The easiest way to understand this is to remember that when a pixel is transparent, its colour becomes irrelevant, yet it is retained.
So, if we make an opaque 512x512 image of random noise, like this:
convert -size 512x512 xc:gray +noise random a.png
and check its size, you can see it is 1.5MB:
-rw-r--r--@ 1 mark staff 1.5M 26 Oct 09:14 a.png
If I now make an otherwise identical, transparent version:
convert -size 512x512 xc:gray +noise random -alpha transparent b.png
You can see the file has got bigger (at 1.7MB), because it is now storing transparency AND the original random data. I won't show the image because there is nothing to see:
-rw-r--r--@ 1 mark staff 1.7M 26 Oct 09:16 b.png
I can now make the transparency layer fully opaque and the random pixels become visible again - so they were still there all along - even when the image was transparent:
convert b.png -alpha opaque c.png
If, however, I make the pixels transparent again, AND also set them all to the colour of the image background (since their colour is irrelevant), like this:
convert -size 512x512 xc:gray +noise random -alpha transparent -alpha background d.png
-rw-r--r--@ 1 mark staff 1.8K 26 Oct 09:22 d.png
And now suddenly the 1.5MB file is nearly 1,000 times smaller at 1.8K because it compresses much better as all the (invisible/transparent) colours are one single, solid background colour.

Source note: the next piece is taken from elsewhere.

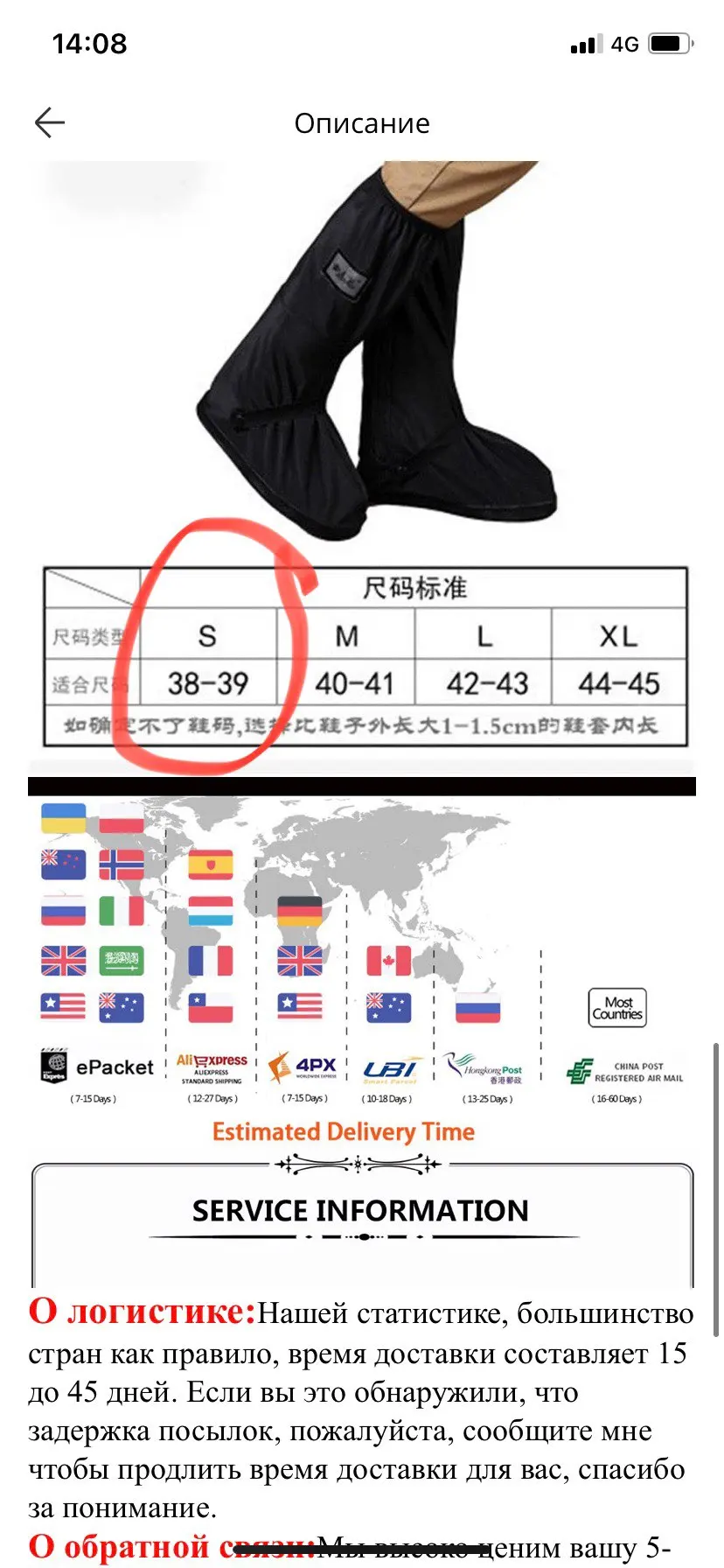 Отличные бахилы, испытаны многочасовыми дождями. Купил две пары: L и XL. У меня 43. На мотокеды идеально подходят меньшие, а на ботинки уже нужен XL.

In answer to your question about coordinates. We can make a little image like this:
convert -size 1x1 \
xc:red xc:cyan +append \
\( xc:yellow xc:magenta +append \) -append a.png
And dump it like this:
convert a.png txt:
# ImageMagick pixel enumeration: 2,2,65535,srgb
0,0: (65535,0,0) #FF0000 red
1,0: (0,65535,65535) #00FFFF cyan
0,1: (65535,65535,0) #FFFF00 yellow
1,1: (65535,0,65535) #FF00FF magenta
And see that pixel coordinates in ImageMagick start at top-left corner.